I would just say something like 

     Upon rebooting, if the new image also enables zerotouch, the
     device will still be
     in its initial state, causing the bootstrapping process to run again,
     which will eventually come to this very point,


> >    In the case of errors, the device MUST reset
> >    itself in such a way that forces a reinstallation of the boot image,
> >    thereby wiping out any bad state the script may have left behind.
> >
> >  Is this also required?  Why can't stop and wait for manual
> >  intervention be allowed?
> 
> It could, but again, it would brick the device.  Same question as above,
> would reducing the "MUST" to a "must" suffice, or should we add a 
> qualifier along the lines of "in order for the solution to work..." ?

Well, this depends if the error is transient or not.  If it is not
transient, it will just happen again and again.

I don't have a strong opinion, but I would probably be silent about
what to do in case of these kinds of errors.  Leave that to the
implementation to figure out.

> > o  Section 7.3
> >
> >  The examples have "device=123456" in the URLs; it should be
> >  "device=123456789".
> 
> Yes.
> 
> 
> >  I suggest you shorten the lines of the examples even more, so that
> >  the examples are properly indented in the draft (they are currently
> >  outdented)
> 
> It's hard to make the lines much shorter with the URN being so long.
> Options are 1) don't indent just the xmlns line or 2) move from two-
> space indent to single-space indent.  Do you have a preference?

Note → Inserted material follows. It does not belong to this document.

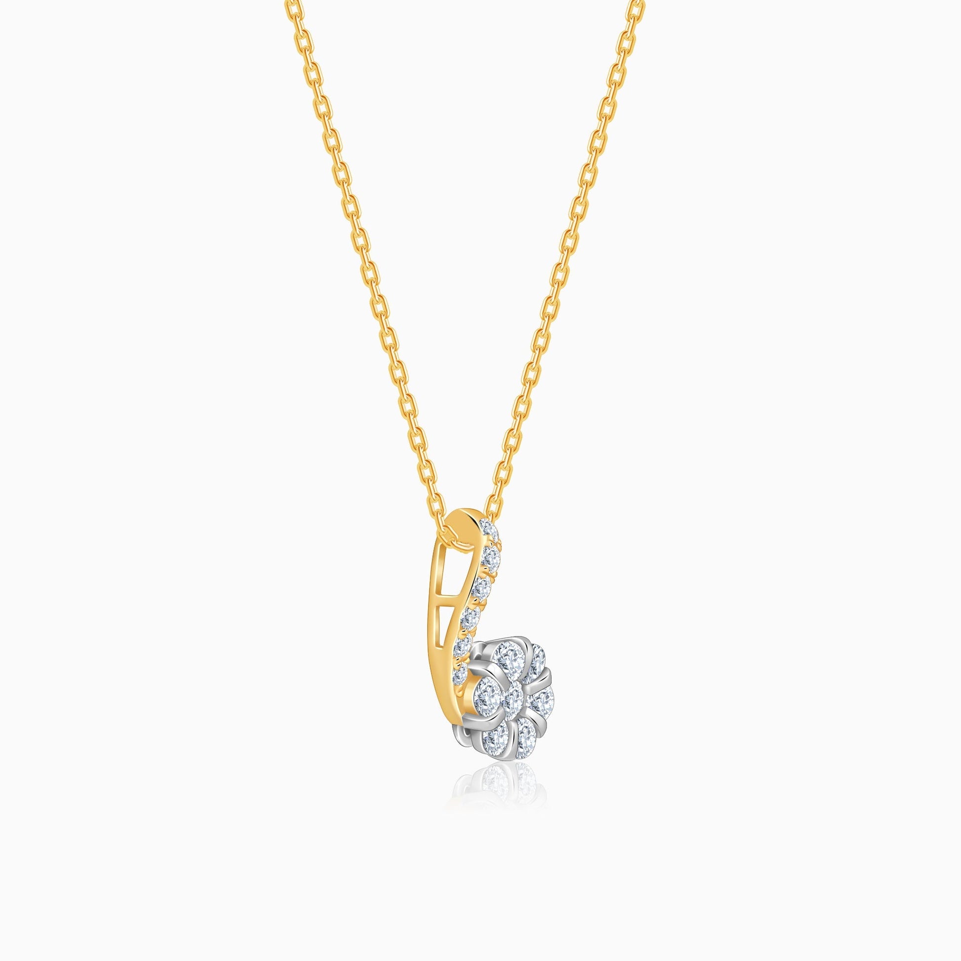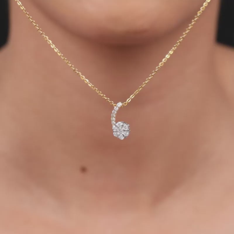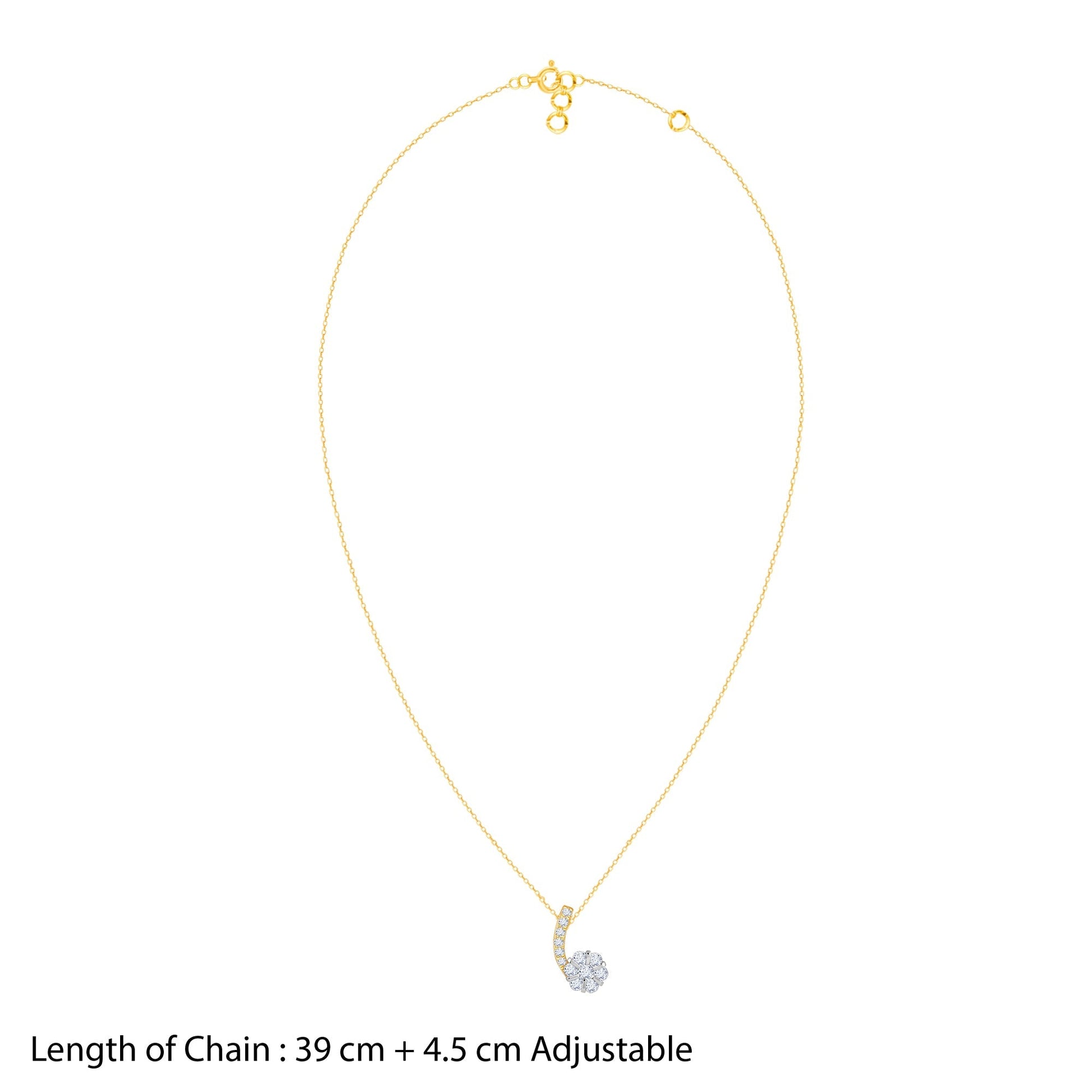 This pure gold necklace for women features a graceful, curving design. The curve culminates in a brilliant, circular cluster of lab grown diamonds at the base, creating a floral or swirling effect.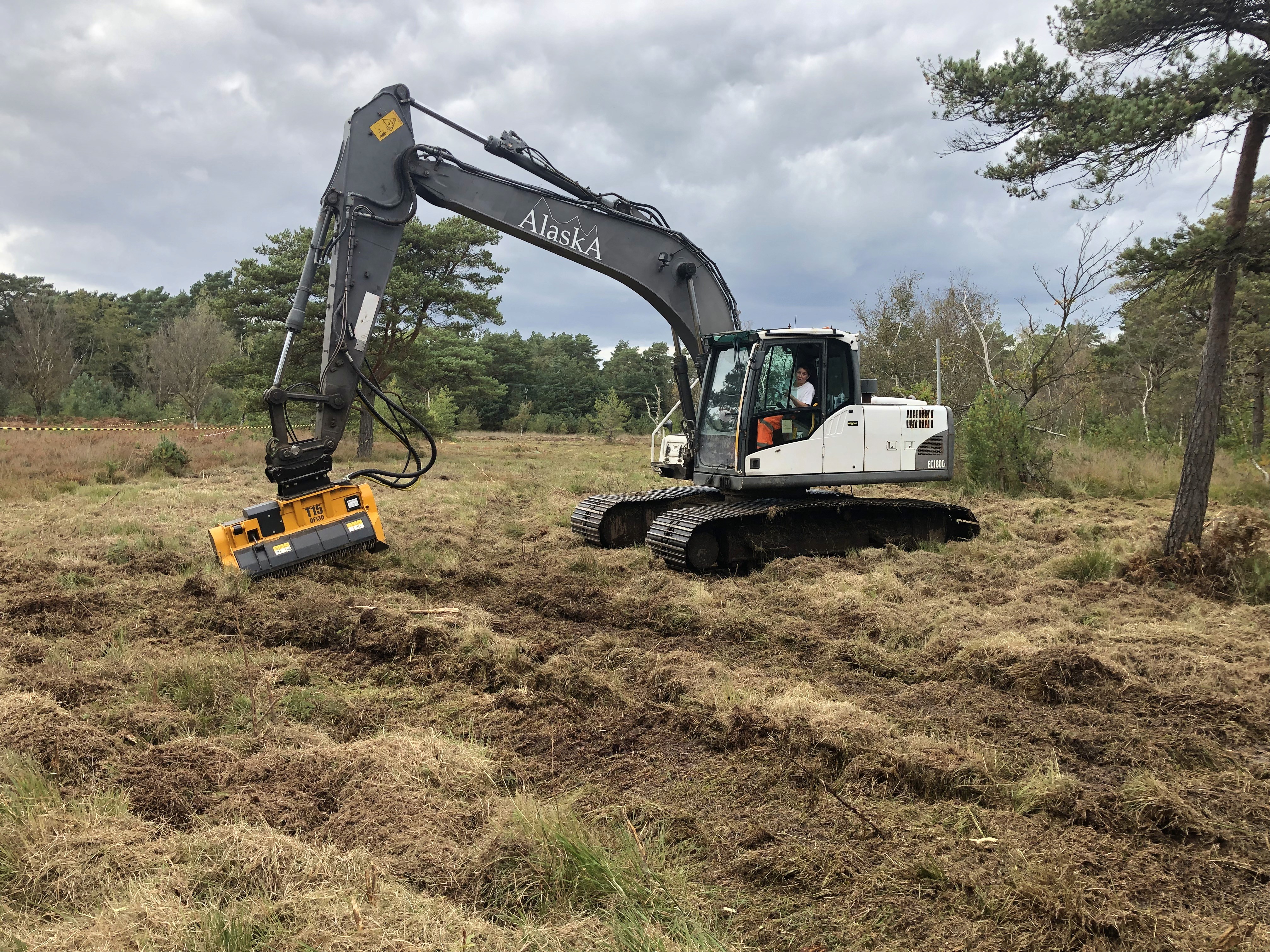 Excavator mounted flail mulcher with fixed hammers (pictured), also available is a swinging hammer option with a collection box. Photo: Dorset Peat Partnership, RSPB Salterns Copse, Arne Nature Reserve.

In the second example you use (1).  You can also use "\", which you
are also already using.

I just found another outdented figure in section 5.3, which probably
is easier to fix.

> > o  Section 9
> >
> >  Should you also mention that /device list should be protected by
> >  nacm rules?
> 
> Yes, indeed, I left out the standard security template for the bootstrap
> server YANG module.  Will add.
> 
> 
> >  If the RESTCONF user name is the device's unique-id, then a single
> >  NACM rule can be used:
> >
> >       <rule>
> >         <name>allow-device</name>
> >         <path xmlns:ztbs="urn:ietf:params:xml:ns:yang:\ietf-zerotouch-bootstrap-server">
> >           /ztbs:device[ztbs:unique-id=$USER]
> >         </path>
> >         <access-operations>read</access-operations>
> >         <action>permit</action>
> >       </rule>
> 
> Yes, but would you expect this to appear in the draft?  Typically, the specific
> NACM rule syntax is left as an exercise to the reader...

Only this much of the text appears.